MECHANIC FALLS — Shortly after 8 a.m. Monday, resident Mark Elliott presented interim Town Clerk Julie Ward with signed petitions to recall four members of the Town Council.

Mechanic Falls Interim Town Clerk Julie Ward accepts collected signatures on four recall petitions Monday morning. Eriks Petersons photo

Council Chairwoman Cathy Fifield, Vice Chairman Wayne Hackett and Councilors Nick Konstantoulakis and John Emery were targeted for recall by Elliott and four other residents after a 4-1 vote by the council June 17 to dismiss Zakk Maher as town manager.

Councilor Kieth Bennett, who voted against the dismissal, was not included in the recall.

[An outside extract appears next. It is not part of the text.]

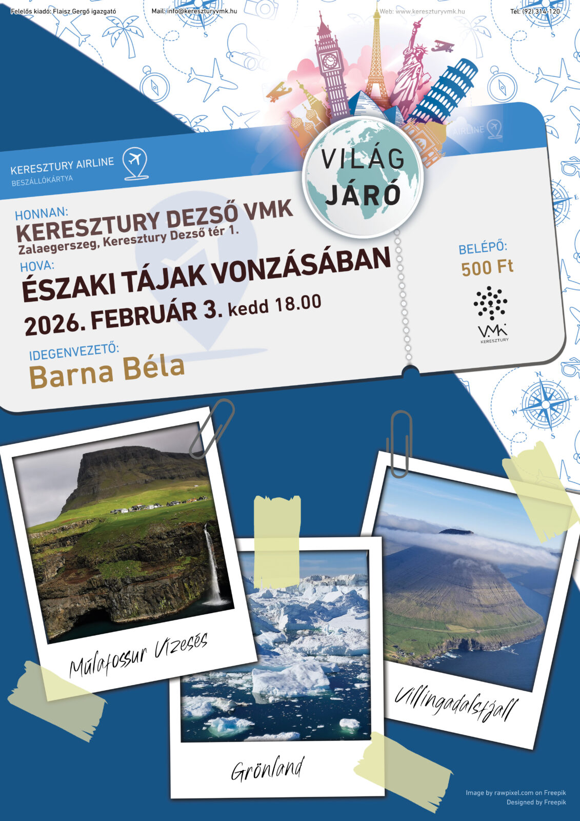 FEBRUÁR 3. kedd 18:00 VILÁGJÁRÓ Az északi tájak vonzásában előadó: Barna Béla A világ északi felének legszebb helyeit járjuk be az előadás képeinek segítségével. Norvégia, Svédország, Finnország, Izland, a különleges Feröer szigetek, Dánia és a Baltikum országai mellett a világ legnagyobb szigete, Grönland is szerepel a legszebb északi tájakat bemutató előadásban.
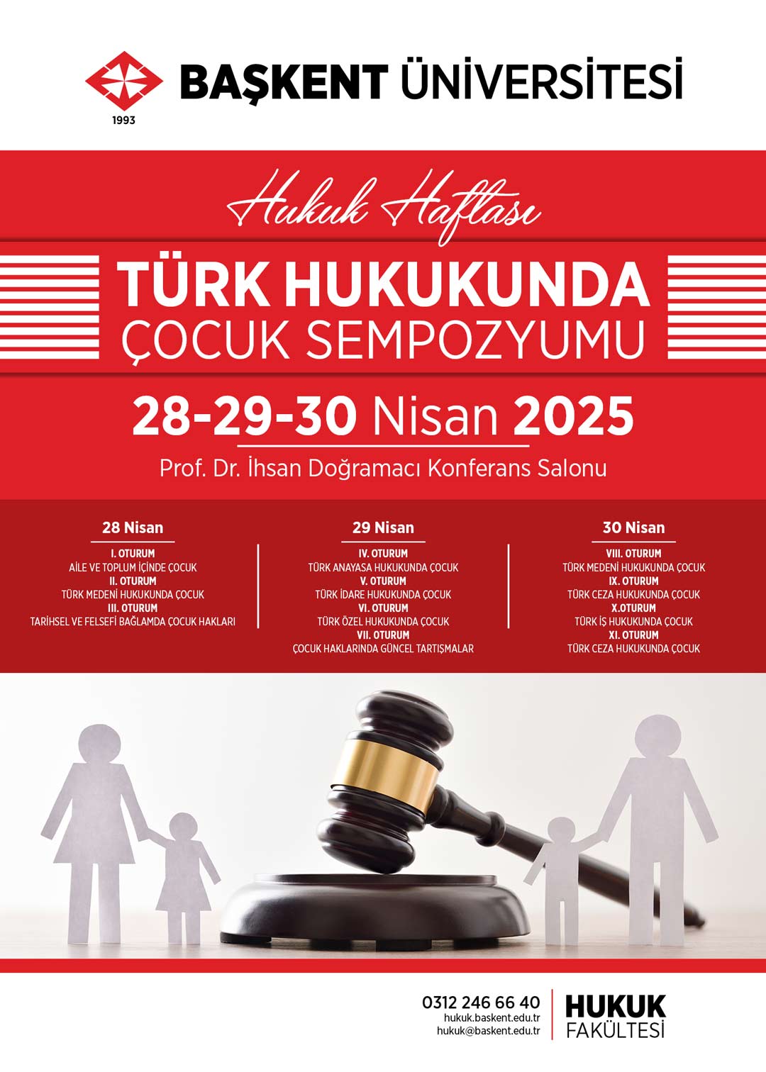 Başkent Üniversitesi Hukuk Fakültesi tarafından 28 - 29 - 30 Nisan 2025 tarihlerinde " Türk Hukukunda Çocuk Sempozyumu " düzenlenecektir. Sempozyum programına buradan ulaşabilirsiniz.

Elliott and Aaron Ouellette, Randal Madore, Thomas Webster and William Dyer began collecting residents’ signatures July 25.

The petitioners needed to have at least 192 signatures for each of the councilors targeted for recall. Elliott produced the final numbers: Hackett, 248; Fifield, 242; Konstantoulakis, 231; and Emery 224.

The town charter stipulates “within 20 days after the petition has been filed, the clerk shall complete a certificate as to its sufficiency.”

Ward first has to make sure enough of the signatures belong to registered voters in town. If they do, the Town Council has 30 days to call for a special vote for the recall.

Folders with the collected signed petitions for recall of four Mechanic Falls town councilors. Eriks Petersons photo

According to the charter, the special recall municipal election requires “the total number of votes cast for and against recall is at least equal to 30% of the total number of qualified voters who cast votes for governor in the most recent gubernatorial election.”

That figure would have to be at least 384 voters, if a recall vote were to happen.

Any councilor who loses in a recall election steps down immediately. That same councilor, however, is not prohibited from running again for the same office.

The petition drive was motivated by the town’s refusal to offer more details behind Maher’s ouster. The council might have also violated state law and similar rules laid out in the town charter for firing a town manager.

Maher’s lawyer, Adam Lee, had filed a lawsuit in Androscoggin County Superior Court alleging the council made an illegal attempt to terminate the town manager.

At several public meetings, the language on dismissing Maher was changed to a preliminary resolution placing Maher on administrative leave until a public hearing was held. A public hearing was set for Aug. 15 to discuss Maher’s future with the town.

At its Aug. 5 session, the Town Council voted 4-0 to rescind the preliminary resolution, and Maher was returned the next day as town manager. The public hearing was canceled.